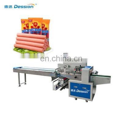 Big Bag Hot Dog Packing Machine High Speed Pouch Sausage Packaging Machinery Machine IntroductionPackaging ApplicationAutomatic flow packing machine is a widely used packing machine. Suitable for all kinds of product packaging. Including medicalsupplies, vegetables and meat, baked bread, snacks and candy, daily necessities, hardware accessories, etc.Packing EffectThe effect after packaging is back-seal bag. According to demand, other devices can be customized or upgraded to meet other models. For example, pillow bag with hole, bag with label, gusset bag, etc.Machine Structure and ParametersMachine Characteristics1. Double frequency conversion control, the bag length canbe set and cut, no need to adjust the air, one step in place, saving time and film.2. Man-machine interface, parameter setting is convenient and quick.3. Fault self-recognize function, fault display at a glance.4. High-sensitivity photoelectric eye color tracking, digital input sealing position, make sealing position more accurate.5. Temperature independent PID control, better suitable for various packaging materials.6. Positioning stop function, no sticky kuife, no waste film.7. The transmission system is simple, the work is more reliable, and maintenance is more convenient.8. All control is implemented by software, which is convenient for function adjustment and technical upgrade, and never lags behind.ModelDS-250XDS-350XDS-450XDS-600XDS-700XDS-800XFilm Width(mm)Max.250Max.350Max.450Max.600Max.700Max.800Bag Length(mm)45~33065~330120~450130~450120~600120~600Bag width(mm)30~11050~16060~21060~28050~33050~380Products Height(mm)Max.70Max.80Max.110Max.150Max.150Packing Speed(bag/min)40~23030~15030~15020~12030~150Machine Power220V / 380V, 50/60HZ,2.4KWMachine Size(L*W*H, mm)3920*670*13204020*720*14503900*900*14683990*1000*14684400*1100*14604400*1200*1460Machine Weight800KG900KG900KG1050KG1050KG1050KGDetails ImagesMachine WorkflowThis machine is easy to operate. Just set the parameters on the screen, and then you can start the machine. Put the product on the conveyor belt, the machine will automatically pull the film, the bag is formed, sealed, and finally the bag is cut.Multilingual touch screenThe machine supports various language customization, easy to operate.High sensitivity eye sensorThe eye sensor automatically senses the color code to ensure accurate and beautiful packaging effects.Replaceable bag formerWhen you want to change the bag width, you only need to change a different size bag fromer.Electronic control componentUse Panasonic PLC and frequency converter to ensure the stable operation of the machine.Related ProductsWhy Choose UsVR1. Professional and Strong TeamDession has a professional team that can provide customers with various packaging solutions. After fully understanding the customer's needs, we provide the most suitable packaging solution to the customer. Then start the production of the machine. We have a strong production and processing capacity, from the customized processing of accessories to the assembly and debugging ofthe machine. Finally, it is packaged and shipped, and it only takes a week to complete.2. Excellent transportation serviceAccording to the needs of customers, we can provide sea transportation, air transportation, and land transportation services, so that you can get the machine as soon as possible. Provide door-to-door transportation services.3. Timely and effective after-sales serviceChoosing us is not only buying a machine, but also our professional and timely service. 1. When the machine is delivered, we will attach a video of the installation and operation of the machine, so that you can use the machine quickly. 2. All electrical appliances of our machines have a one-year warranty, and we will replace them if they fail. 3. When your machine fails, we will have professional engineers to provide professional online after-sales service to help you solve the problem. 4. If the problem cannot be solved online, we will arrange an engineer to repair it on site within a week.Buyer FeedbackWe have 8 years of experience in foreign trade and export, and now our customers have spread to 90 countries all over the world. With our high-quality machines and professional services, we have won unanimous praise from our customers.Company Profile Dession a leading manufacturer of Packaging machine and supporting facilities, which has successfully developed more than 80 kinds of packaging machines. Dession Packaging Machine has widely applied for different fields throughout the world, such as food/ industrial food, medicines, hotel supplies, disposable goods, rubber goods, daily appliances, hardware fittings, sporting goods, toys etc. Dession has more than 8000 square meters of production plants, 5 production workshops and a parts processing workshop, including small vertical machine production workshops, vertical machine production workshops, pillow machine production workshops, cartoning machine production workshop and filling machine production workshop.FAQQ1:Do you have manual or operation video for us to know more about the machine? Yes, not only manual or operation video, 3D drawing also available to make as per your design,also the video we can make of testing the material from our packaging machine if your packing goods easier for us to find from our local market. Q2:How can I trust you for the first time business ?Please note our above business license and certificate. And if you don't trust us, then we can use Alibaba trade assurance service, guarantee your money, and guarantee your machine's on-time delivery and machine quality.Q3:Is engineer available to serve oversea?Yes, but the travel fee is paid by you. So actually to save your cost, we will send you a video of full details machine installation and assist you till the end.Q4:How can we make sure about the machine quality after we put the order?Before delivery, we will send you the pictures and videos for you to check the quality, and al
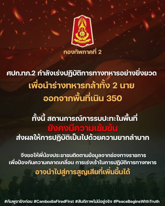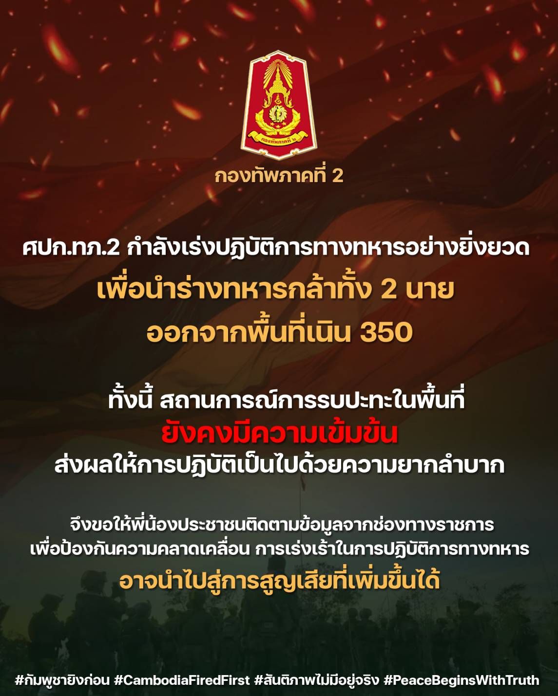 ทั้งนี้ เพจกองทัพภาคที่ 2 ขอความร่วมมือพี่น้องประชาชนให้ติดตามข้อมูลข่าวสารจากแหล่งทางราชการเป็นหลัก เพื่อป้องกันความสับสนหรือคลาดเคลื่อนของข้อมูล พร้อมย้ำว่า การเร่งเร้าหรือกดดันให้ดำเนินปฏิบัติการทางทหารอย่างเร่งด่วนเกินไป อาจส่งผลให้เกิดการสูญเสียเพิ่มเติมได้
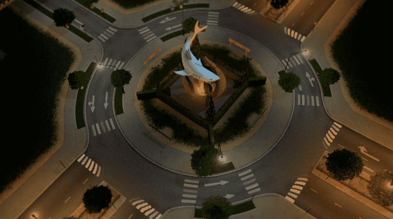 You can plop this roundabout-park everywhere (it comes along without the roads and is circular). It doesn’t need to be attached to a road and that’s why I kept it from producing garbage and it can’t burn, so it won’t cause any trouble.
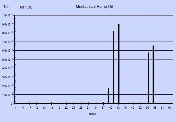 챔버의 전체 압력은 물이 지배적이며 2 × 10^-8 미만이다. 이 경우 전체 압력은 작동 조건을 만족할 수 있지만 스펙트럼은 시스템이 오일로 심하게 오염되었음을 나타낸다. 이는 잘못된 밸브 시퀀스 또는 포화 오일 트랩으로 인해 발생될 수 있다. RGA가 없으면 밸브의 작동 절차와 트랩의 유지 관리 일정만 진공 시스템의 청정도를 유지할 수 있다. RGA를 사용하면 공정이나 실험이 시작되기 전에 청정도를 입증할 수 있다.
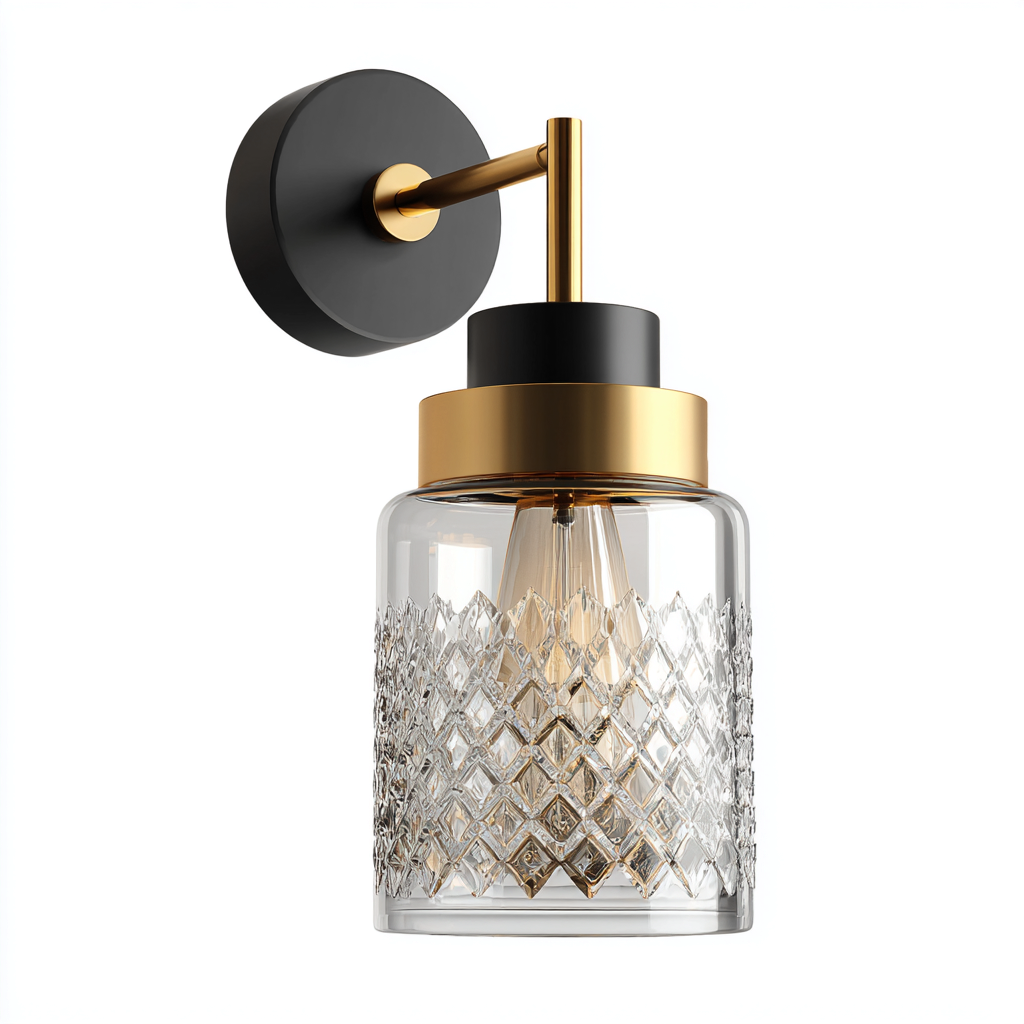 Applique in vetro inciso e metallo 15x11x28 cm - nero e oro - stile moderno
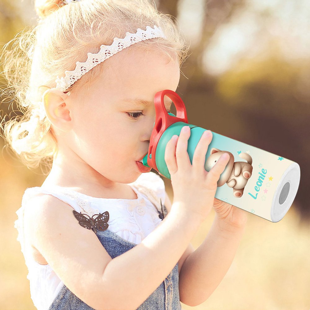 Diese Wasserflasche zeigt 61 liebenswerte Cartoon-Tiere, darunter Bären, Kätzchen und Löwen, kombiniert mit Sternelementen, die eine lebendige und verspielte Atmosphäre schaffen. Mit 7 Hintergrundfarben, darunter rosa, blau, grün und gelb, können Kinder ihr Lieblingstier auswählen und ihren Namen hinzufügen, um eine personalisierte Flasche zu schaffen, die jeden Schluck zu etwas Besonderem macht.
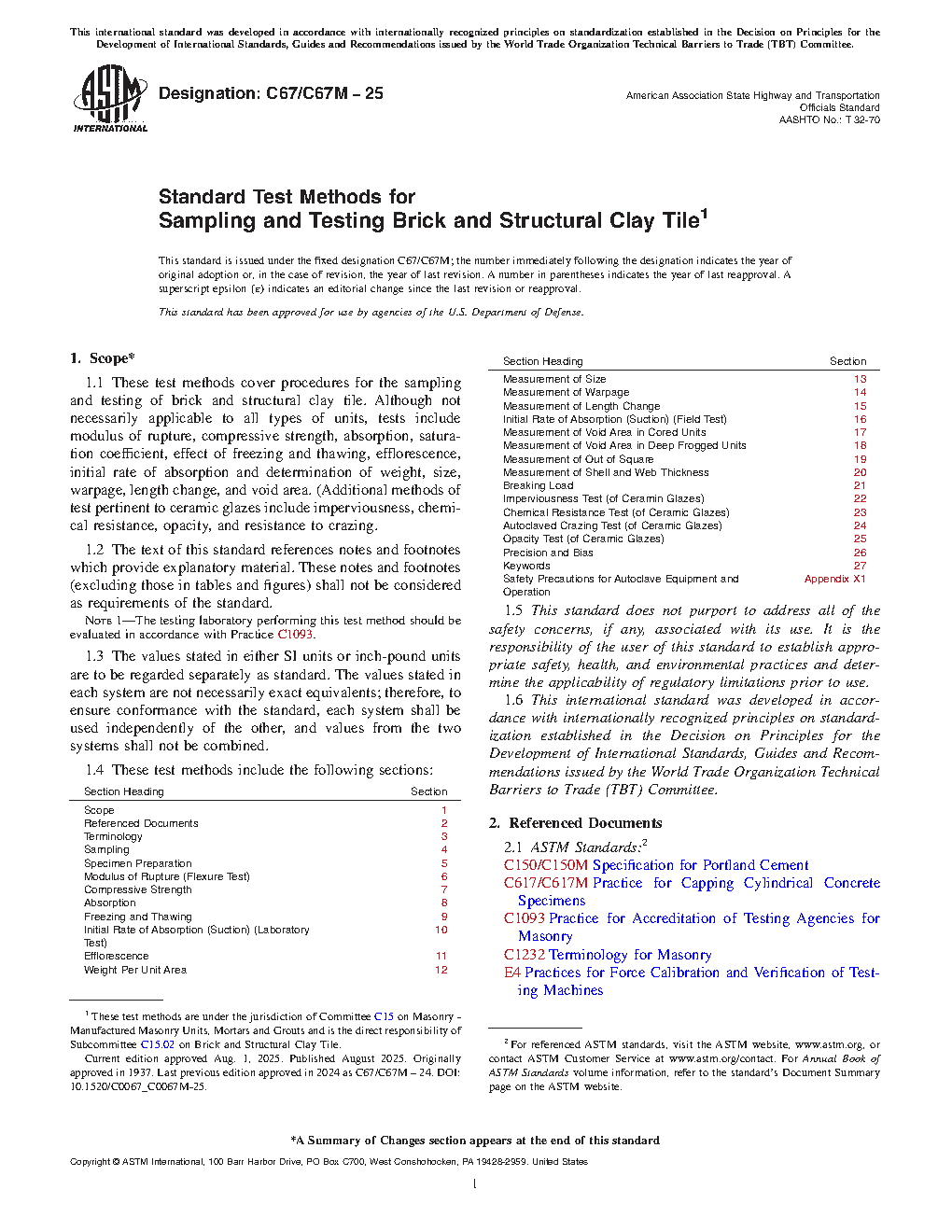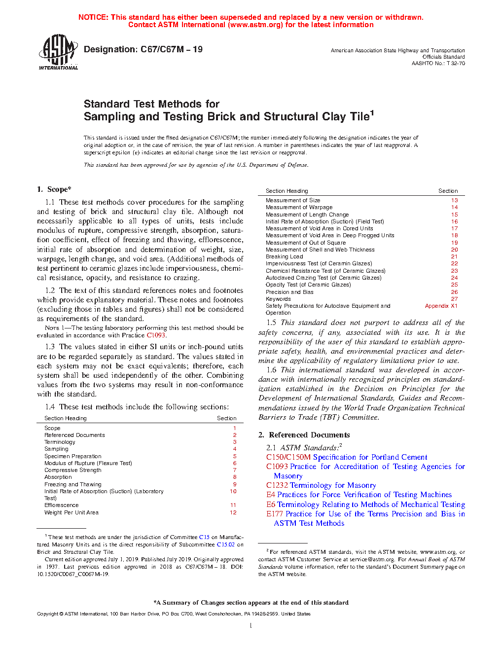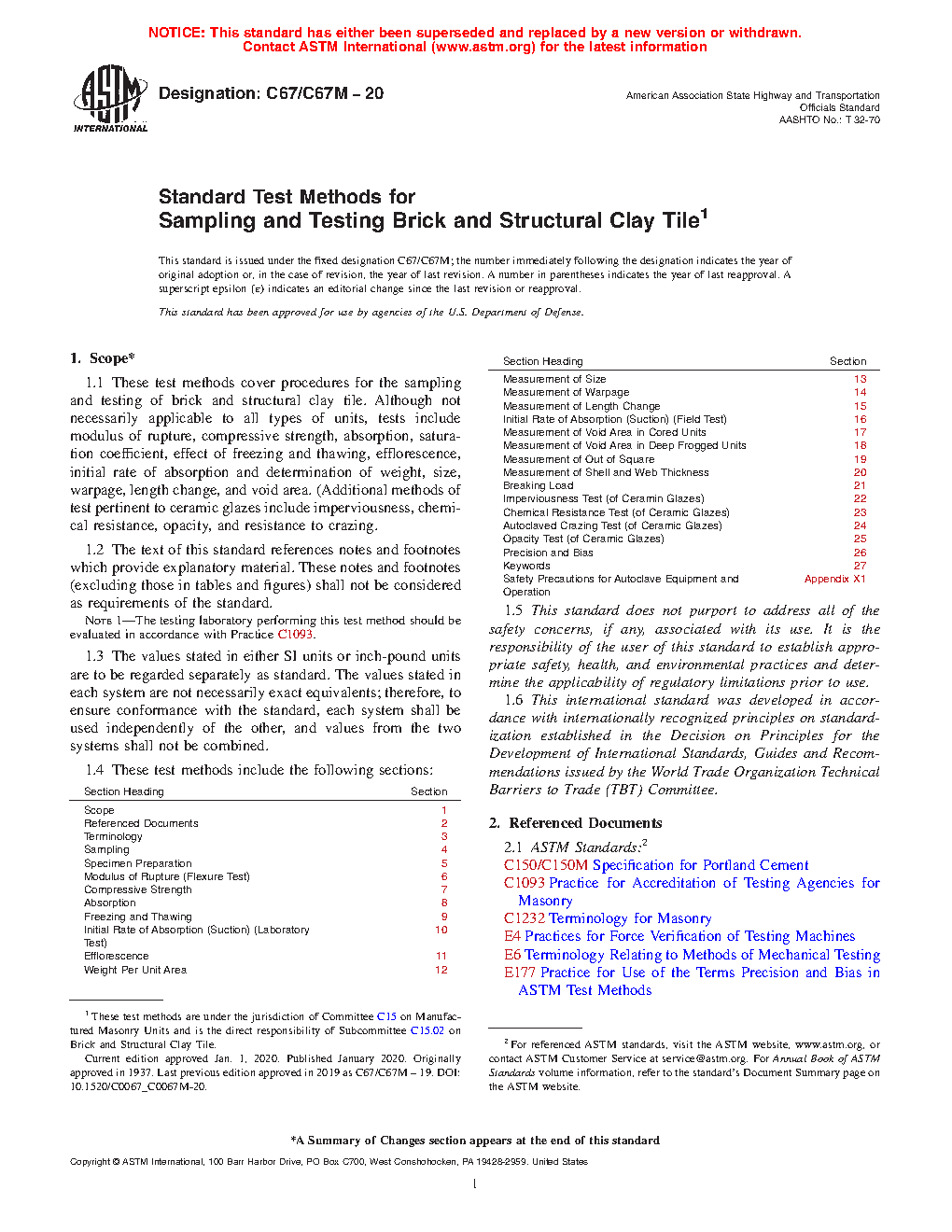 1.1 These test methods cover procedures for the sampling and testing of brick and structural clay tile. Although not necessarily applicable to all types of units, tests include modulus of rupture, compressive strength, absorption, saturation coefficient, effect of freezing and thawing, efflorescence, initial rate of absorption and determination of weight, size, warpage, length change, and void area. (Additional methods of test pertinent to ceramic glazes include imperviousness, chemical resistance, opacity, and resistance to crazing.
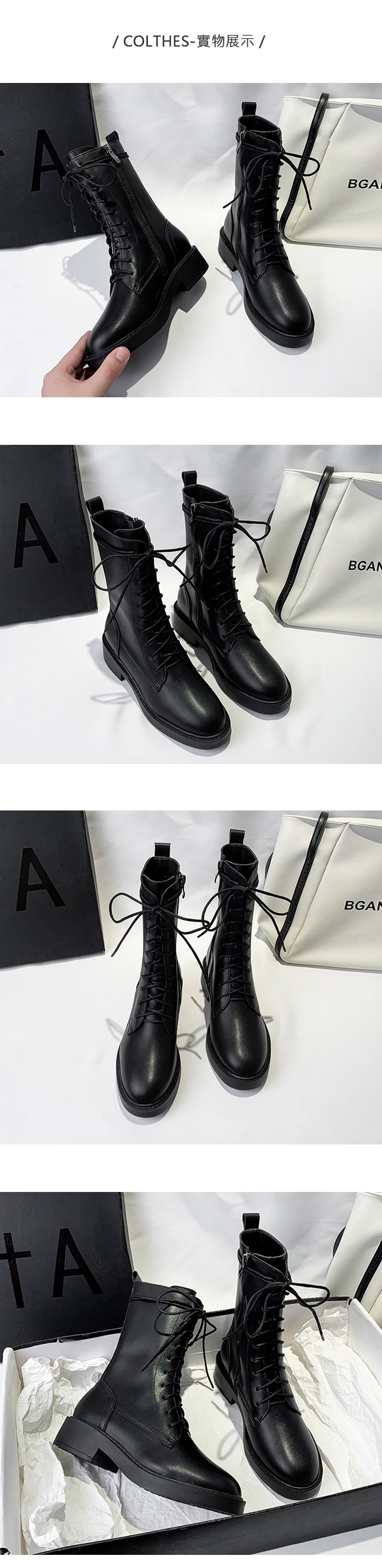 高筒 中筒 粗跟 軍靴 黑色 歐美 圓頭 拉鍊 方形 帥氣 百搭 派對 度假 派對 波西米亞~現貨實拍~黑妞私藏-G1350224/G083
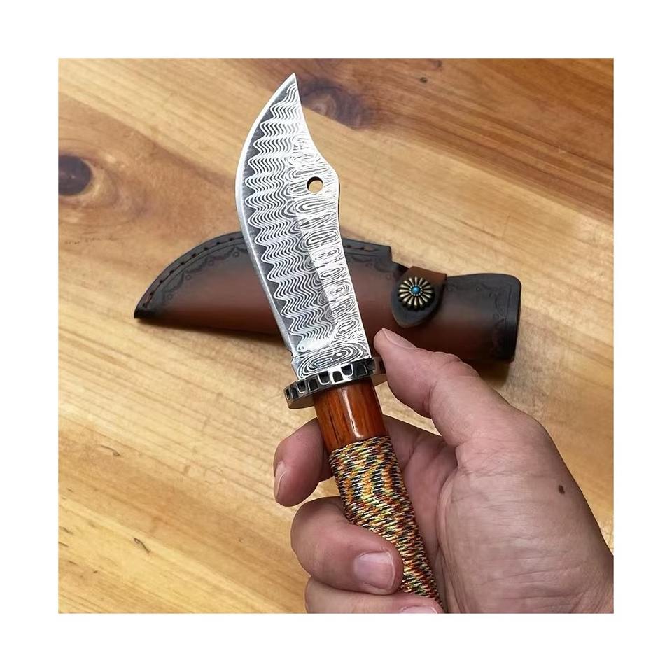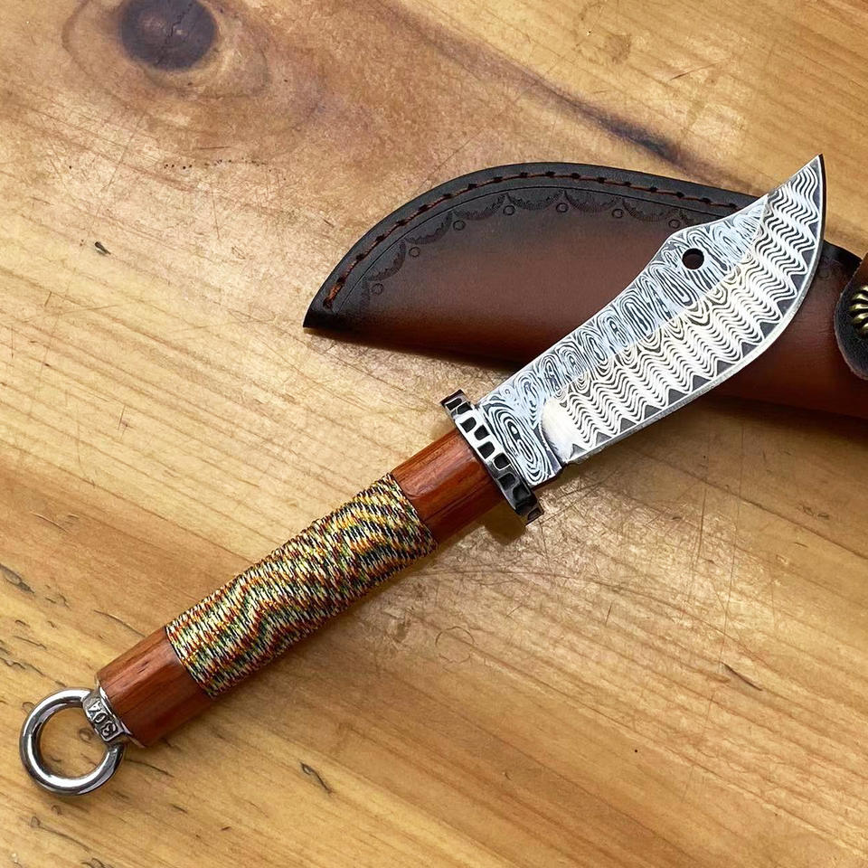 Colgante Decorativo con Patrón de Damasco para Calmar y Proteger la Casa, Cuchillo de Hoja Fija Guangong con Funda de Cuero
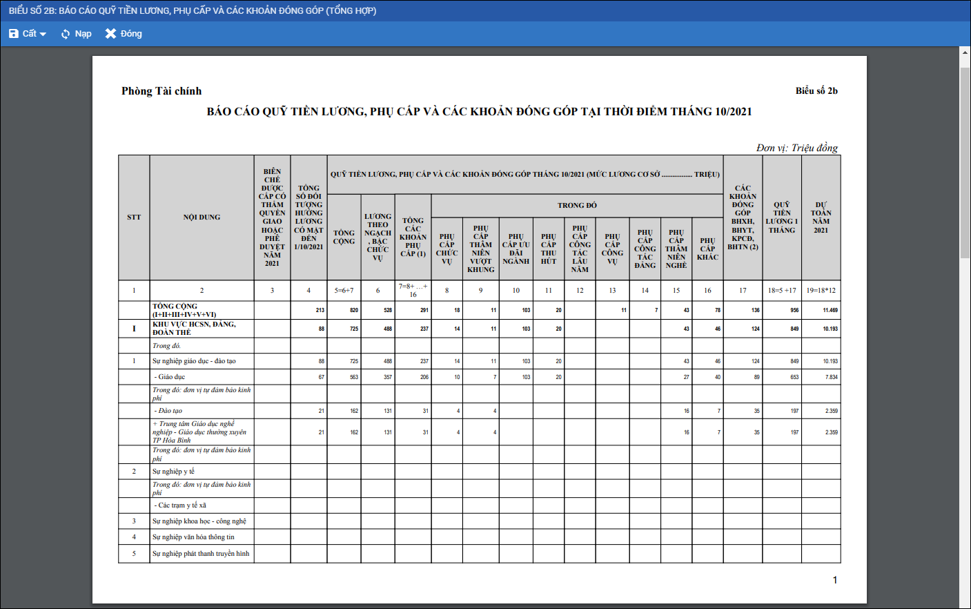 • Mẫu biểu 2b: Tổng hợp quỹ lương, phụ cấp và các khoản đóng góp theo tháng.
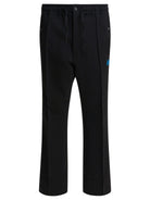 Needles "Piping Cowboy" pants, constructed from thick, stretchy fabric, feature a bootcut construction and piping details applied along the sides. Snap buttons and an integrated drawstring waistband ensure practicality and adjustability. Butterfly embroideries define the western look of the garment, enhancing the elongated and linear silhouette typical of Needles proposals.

Exercise description: The required output consists only of the lines from the one containing "Diese Wasserflasche zeigt" to the last line of the material, reproduced exactly, pictures excluded.

Result:
 Diese Wasserflasche zeigt 61 liebenswerte Cartoon-Tiere, darunter Bären, Kätzchen und Löwen, kombiniert mit Sternelementen, die eine lebendige und verspielte Atmosphäre schaffen. Mit 7 Hintergrundfarben, darunter rosa, blau, grün und gelb, können Kinder ihr Lieblingstier auswählen und ihren Namen hinzufügen, um eine personalisierte Flasche zu schaffen, die jeden Schluck zu etwas Besonderem macht.
 1.1 These test methods cover procedures for the sampling and testing of brick and structural clay tile. Although not necessarily applicable to all types of units, tests include modulus of rupture, compressive strength, absorption, saturation coefficient, effect of freezing and thawing, efflorescence, initial rate of absorption and determination of weight, size, warpage, length change, and void area. (Additional methods of test pertinent to ceramic glazes include imperviousness, chemical resistance, opacity, and resistance to crazing.
 高筒 中筒 粗跟 軍靴 黑色 歐美 圓頭 拉鍊 方形 帥氣 百搭 派對 度假 派對 波西米亞~現貨實拍~黑妞私藏-G1350224/G083
 Colgante Decorativo con Patrón de Damasco para Calmar y Proteger la Casa, Cuchillo de Hoja Fija Guangong con Funda de Cuero
 • Mẫu biểu 2b: Tổng hợp quỹ lương, phụ cấp và các khoản đóng góp theo tháng.
 Needles "Piping Cowboy" pants, constructed from thick, stretchy fabric, feature a bootcut construction and piping details applied along the sides. Snap buttons and an integrated drawstring waistband ensure practicality and adjustability. Butterfly embroideries define the western look of the garment, enhancing the elongated and linear silhouette typical of Needles proposals.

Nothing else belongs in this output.